Chef - Cooking up Trouble
Overall Satisfaction with Chef
Chef is great for getting people not currently experienced with platform tools up and running as quickly as possible. Instead of spending months trying to figure out the platform/build tools/distro technicalities, they can get right to work on projects that can be targeted at any application with any servers that are running any OS/programs.
Pros
- Uses DSL for configuration instead of the conventional XML
- Rackspace has extensive support for it and it integrates well into almost any cloud platform (AWS, Azure, etc.)
- The concept of recipes is great and allows for multiple machines with different operating systems and configurations to be updated in a similar way even if they share almost nothing in common
Cons
- Configuration management hits a critical mass where it can take almost an entire team to support it. Determine that you need to have all your machines on the same page first before you commit to using Chef in your infrastructure
- Requiring installation on machines can be a pain compared to the agentless nature of competitors such as Ansible
- Ruby as a configuration language can take a while for an unfamiliar engineer to learn and often negates the benefits of configuration management in the first place with the amount of time it takes up
- Led to concurrency in machine updates for our more extensive applications.

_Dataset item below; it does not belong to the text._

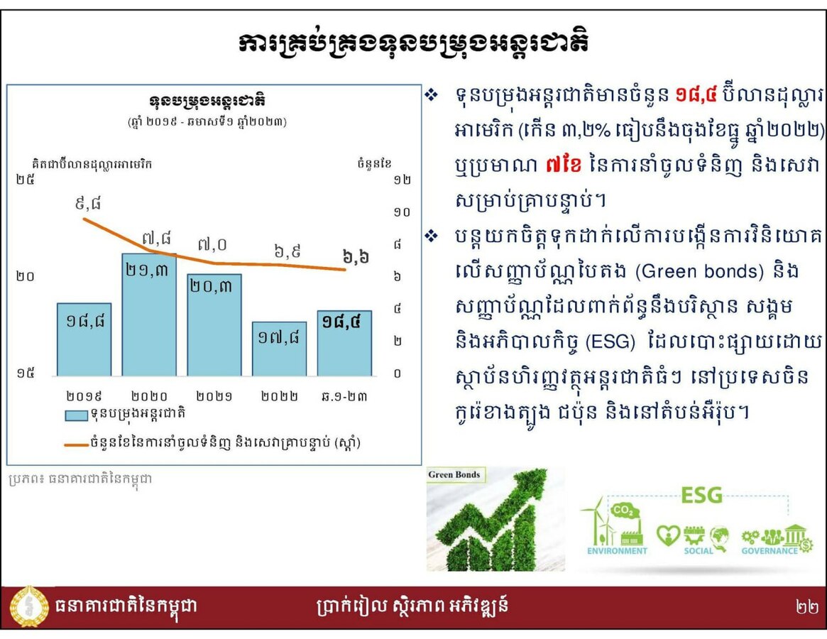 គួរបញ្ជាក់ដែរថា នៅដើមឆ្នាំ២០២៣ នេះ ធនាគារជាតិនៃកម្ពុជា បានធ្វើ បច្ចុប្បន្នកម្មសេចក្ដីណែនាំការវិនិយោគ ដោយបានកែសម្រួលសមាសភាគនៃចំណែក ទុនបម្រុង វិនិយោគ និងរូបិយប័ណ្ណ ដើម្បីឆ្លើយតបនឹងកំណើននៃតម្រូវការសន្ទនីយភាព និងលទ្ធភាពខ្ពស់ក្នុង ការចាប់យកឱកាសពីការប្រែប្រួលនៃអត្រាការប្រាក់នៅលើទីផ្សារ។ ទន្ទឹមនេះ ធនាគារជាតិនៃកម្ពុជាបាន បន្តយកចិត្តទុកដាក់លើការបង្កើនការវិនិ យោគលើសញ្ញាប័ណ្ណបៃតង (Green bonds) និងសញ្ញាប័ណ្ណ ដែលពាក់ព័ន្ធនឹងបរិស្ថាន សង្គម និងអភិបាលកិច្ច(ESG) ដែលបោះផ្សាយដោយស្ថាប័នហិរញ្ញវត្ថុអន្តរជាតិធំៗ នៅប្រទេសចិន កូរ៉េខាងត្បូង ជប៉ុន និងនៅតំបន់អឺរ៉ុប៕

- Allowed team members to become effective in minimal time.
- Required extensive management of scripts and deployment when we want to update machines, making small changes a considerable undertaking.
Chef is something we have been using for a while, so it is the natural choice when training new engineers to maintain our systems. If I was to choose a configuration management tool now, I would pick Ansible mainly because of its agentless nature and YAML cookbook language (compared to Chef's Ruby).